What to do about 'bad-mouthing'

Hint: It’s a trap you don’t want to fall into.

Q. A customer told me a competitor of mine has been talking trash about me behind my back. This ticks me off. What should I do?

A. Badmouthing is bad business. So, first and foremost, avoid badmouthing him back. Retaliation will only make you look bad and will likely escalate things.

Ignoring him is probably the more mature decision. But let’s get real; odds are, this isn’t going away on its own. And it sounds like this will eat away at you until it’s resolved. The best solution is to approach him and deal with it head on. But take some steps first to prepare and don’t just blindly ambush him.

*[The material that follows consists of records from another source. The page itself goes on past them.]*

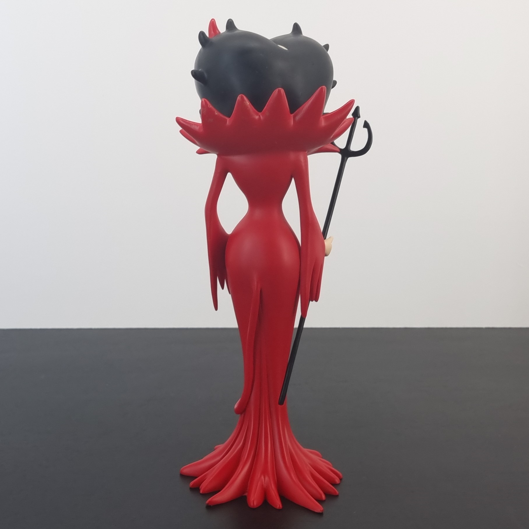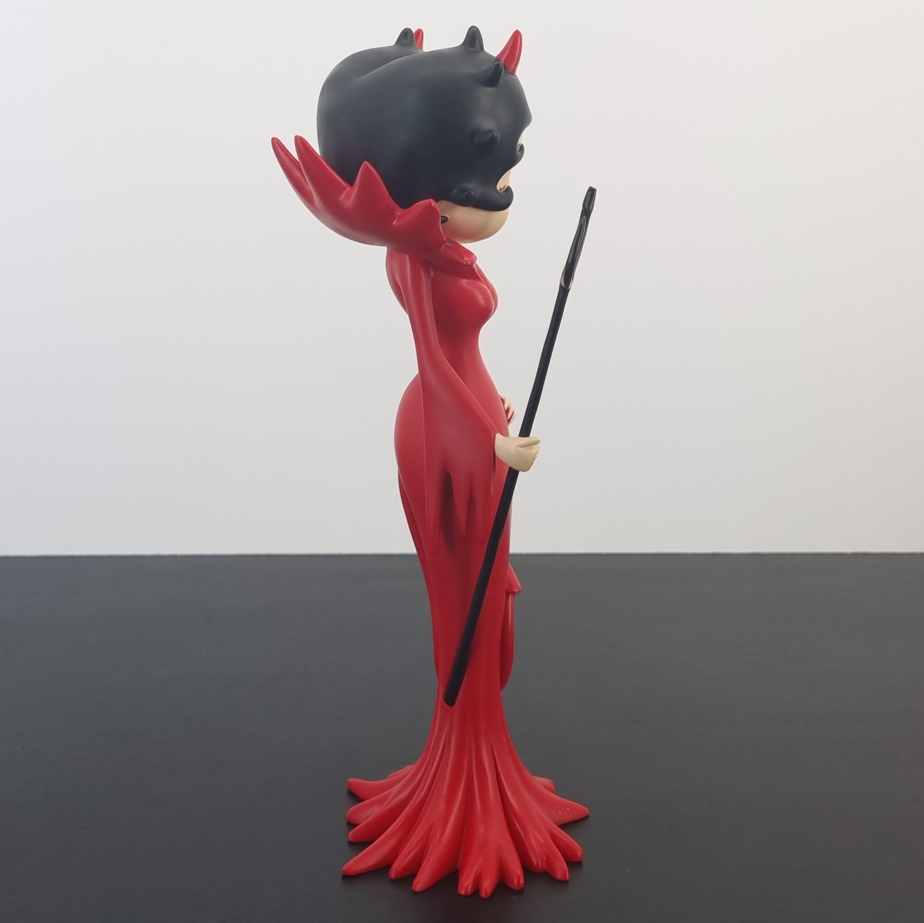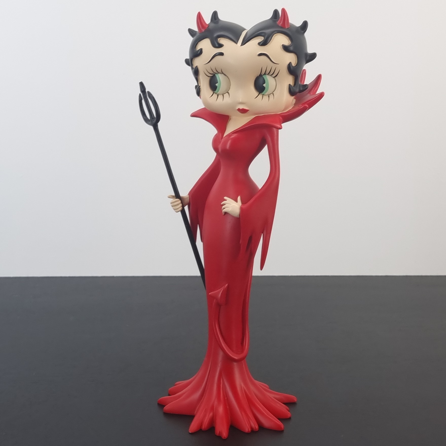 This vintage statue from Betty Boop was sculpted by Peter Mook under King Features’ license. It was taken in production by Rutten. Dates back to 2003. Crafted from durable resin, it remains in excellent condition. Unleash the mischievous charm of Betty Boop with this captivating statue of her dressed as a devil. Complete with a red outfit, horns, and a pitchfork, this piece is perfect for any fan of her iconic style. Add a touch of playful rebellion to your collection, celebrating the timeless allure of Betty Boop in a devilishly delightful way!
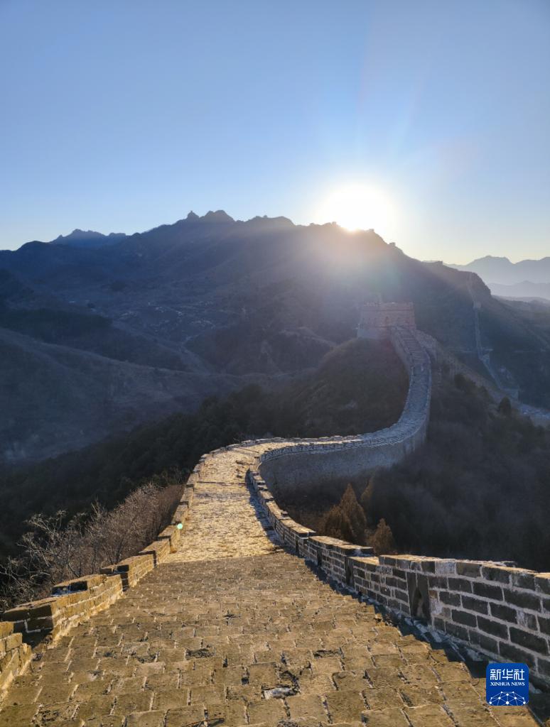 1月1日在北京密云古北水鎮司馬臺長(cháng)城拍攝的日出。
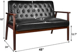 Mid-Century Accent Chair Retro Faux Leather Upholstered Wooden Lounge Chair Black Set
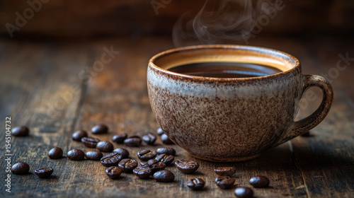 Freshly brewed coffee in a ceramic cup, steam swirling, placed on a rustic wooden table with coffee beans scattered, cozy morning ambiance, high-resolution photography —ar 16:9
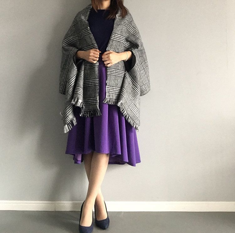まずはマルチストールをそのまま羽織って、ポンチョにしてみました。実際にやってみてわかったのですが、肩に掛けてウエストあたりの位置に20センチ程の腕を通す場所があります!腕をそのまま通した状態が上記画像。164センチの身長で腰回りまで隠れます。
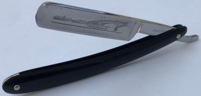 Бритва в очень хорошем состоянии, без активных следов пользования. Практически незаметно.Ничего не разбиралось и не ремонтировалось. Немного отполирован клинок, для придания былого блеска.Все в оригинале.Идеальная геометрия клинка:кромочка равномерна по всей длине и еле заметна.Интересная форма как самого клинка, так и оправы.Достаточно тяжёлая.Красивая, высококачестенная бритва из прошлого, так что не пропустите! Заточена и готова к бритью.
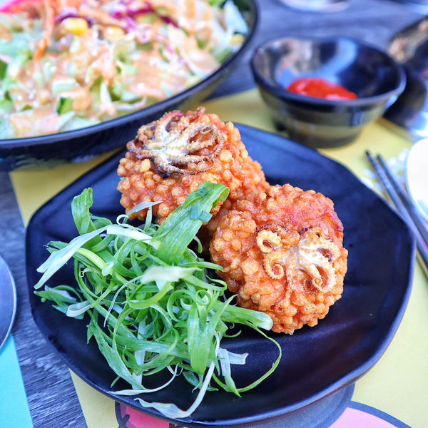 ▫️這道有點類似花枝丸,但做工更繁瑣,外頭是使用魚卵跟魚漿包覆,上頭有隻小章魚巴住開頭口後油炸到酥脆,沾取搭配的韓國辣醬夠味啊!
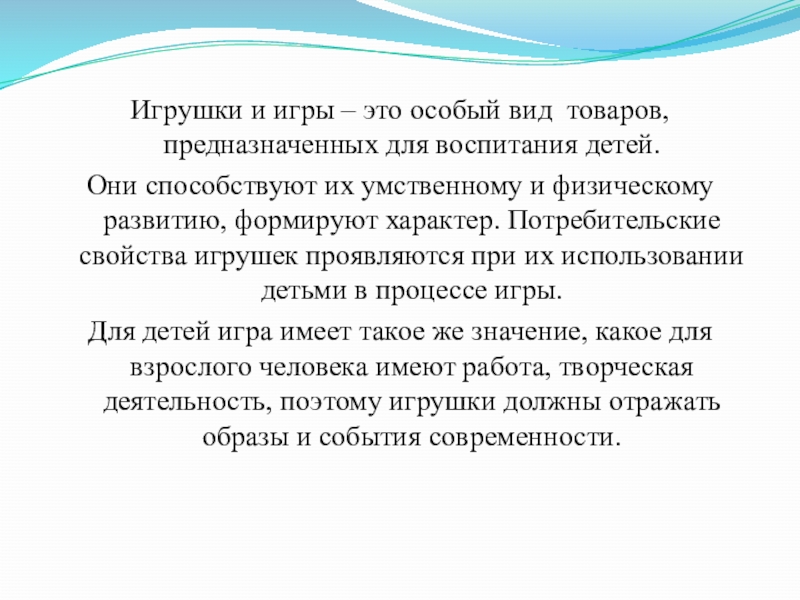 Слайд 2Игрушки и игры – это особый вид товаров, предназначенных для воспитания
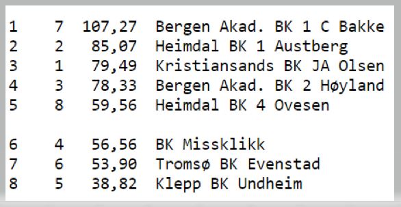 I forrige innlegg antydet vi at det godt kunne bli dobbelt BAK da Bergen AK 2 (Høyland) lå på 2.plass før siste kamp, og de hadde en bra luke ned til forfølgerne. Men slik ble det ikke. Bergen AK 2 fikk i avslutningskampen juling mot BK Missklikk, arrangørens lag. Og det benyttet både Heimdal BK 1 (Austberg) og Krisitiansand BK (Olsen) seg av da de lagene fikk opp store seiere til slutt og smatt forbi Bergen AK 2 med medalje som resultat.
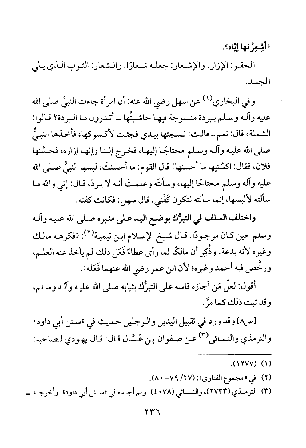 وفي البخاري (¬١) عن سهل رضي الله عنه: أن امرأة جاءت النبيَّ صلى الله عليه وآله وسلم ببردة منسوجة فيها حاشيتُها ــ أتدرون ما البردة؟ قالوا: الشملة، قال: نعم ــ قالت: نسجتها بيدي فجئت لأكسوكها، فأخذها النبيُّ صلى الله عليه وآله وسلم محتاجًا إليها، فخرج إلينا وإنها إزاره، فحسَّنها فلان، فقال: اكسُنيها ما أحسنها! قال القوم: ما أحسنتَ، لبسها النبيُّ صلى الله عليه وآله وسلم محتاجًا إليها، وسألتَه وعلمتَ أنه لا يردّ، قال: إني والله ما سألته لألبسها، إنما سألته لتكون كَفَني. قال سهل: فكانت كفنه.
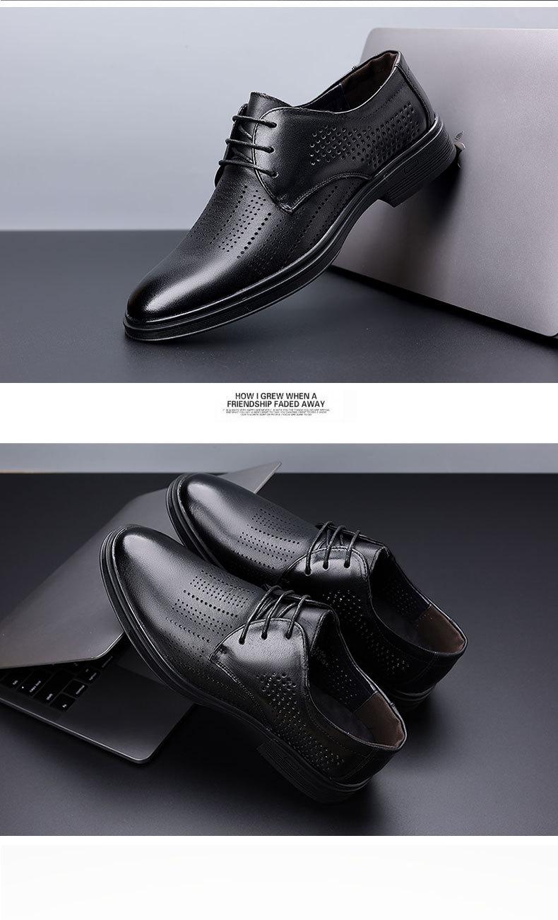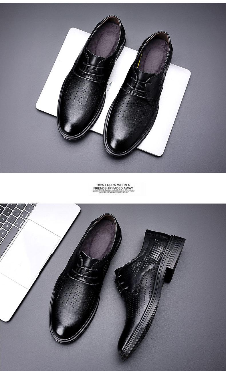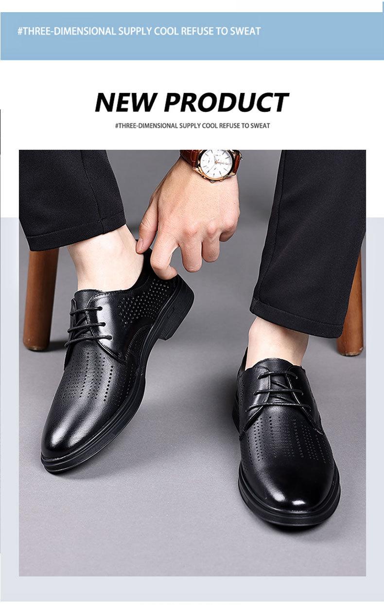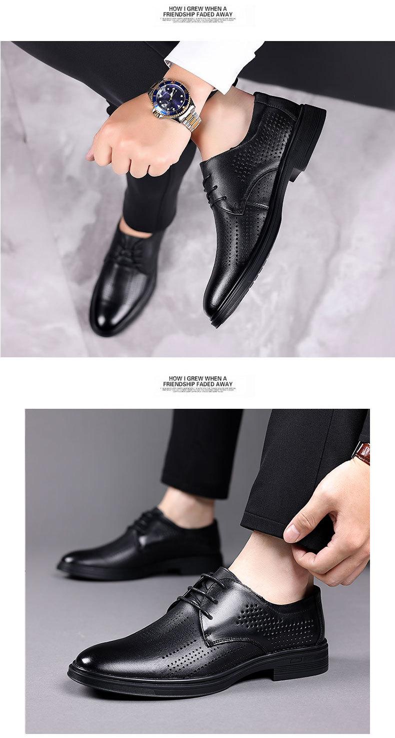 Compra Zapatos de Cuero para Hombre Vestir Negocios Casual Cuero Suela Blanda Verano Calado Transpirable Gruesos Negros Zapatos de Boda para Novio Zapatos de Hombre al por mayor en Joom.pro
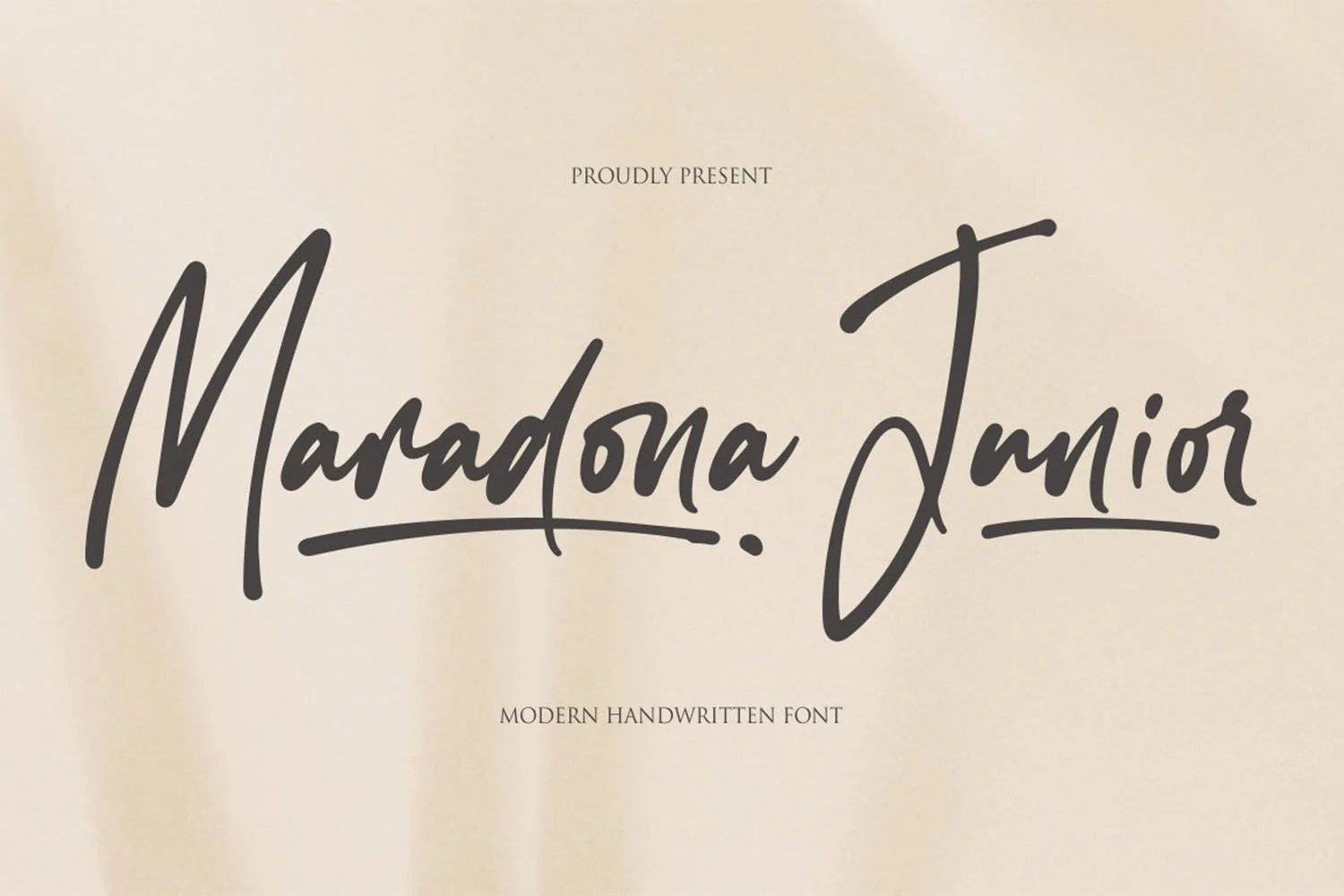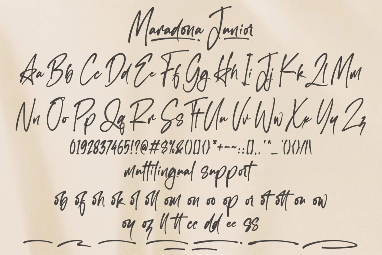 Maradona Junior a stylish signature font. It features ligatures characters that will take your projects to the next level!
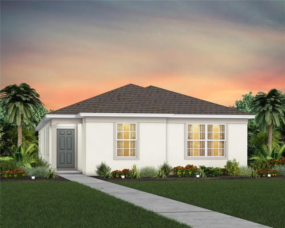 Under Construction. Everbe is a new master planned community where convenience and connections combine to create a new standard for home. Located in Orlando with quick access to 417 & 528, this lifestyle community will offer miles of pathways & trails, wi-fi-enabled green spaces, unique outdoor recreation areas, a fitness center, a clubhouse complex with resort pool, 2G internet, and a waterfront amenity and town center. Get excited for EverBe - everything home should ever be! Introducing the Beacon Bungalow by Pulte – where luxury meets convenience in a beautifully designed home. With 3 bedrooms and 2 bathrooms, this home offers a well-thought-out layout that prioritizes both comfort and style. The open-concept kitchen, café, and gathering room are filled with natural light, creating an airy, spacious atmosphere. A sliding glass door seamlessly extends the living space to the covered lanai, perfect for indoor-outdoor living. The kitchen is a showstopper, complete with sleek stainless steel Whirlpool appliances, including a microwave vented to the exterior and a refrigerator. Elkins White cabinetry, Blanco Maple Quartz countertops, and a decorative tile backsplash offer a sophisticated touch, while the stainless-steel single-bowl sink adds both beauty and functionality. Tucked at the back of the home for ultimate privacy, the owner’s suite is a luxurious retreat. The spa-inspired en suite features a glass-enclosed shower, a quartz-topped dual vanity, an enclosed toilet, and a linen closet, providing a serene escape. The two secondary bedrooms, located toward the front of the home, offer a peaceful atmosphere and are complemented by a well-appointed bathroom. Designer-curated finishes throughout elevate the home's appeal, including pendant pre-wire, chrome plumbing and bathroom lighting fixtures, and 2” faux wood blinds. Ceramic tile flooring throughout – except in the bedrooms, which are outfitted with plush, stain-resistant Shaw brand carpet – adds both elegance and comfort. Modern technology is incorporated as well, with a smart thermostat, doorbell camera, and additional LED downlights to ensure both beauty and connectivity. This home offers the perfect blend of luxury, modern design, and thoughtful functionality, creating an ideal living environment.

I don’t know your back story. Is he a new dealer trying to win your customers? Or are you the new dealer and he feels threatened by you? Or is there a history of bad blood between you? Have you even ever met or spoke to him?

Each case may require a different approach, but I suggest you take this general path:

Ask Your Customers. Is your customer blowing this out of proportion? What exactly did the competitor say? Is this just a misunderstanding? Was this just an isolated incident or has he said things to other customers? Ask around. If it’s a one-time comment, I’d just let it drop.

Ask Yourself. This next step is hard: Ask yourself if there’s any truth to his comments. It’s easy to dismiss criticism. It’s harder to admit we may have earned it. Is there something to learn from what was said? Are you always understocked? Have you treated a customer badly? Have you not kept a promise? Did you wrong the other dealer? If so, remedy the situation first.

Ask The Competitor. High-priced management consultants and marriage counselors call this “confronting.” I prefer “approaching.” “Confronting” sounds like you’re throwing the first punch. Throwing a punch puts the other guy on the defensive. You’re trying to defuse a bomb, not trigger it.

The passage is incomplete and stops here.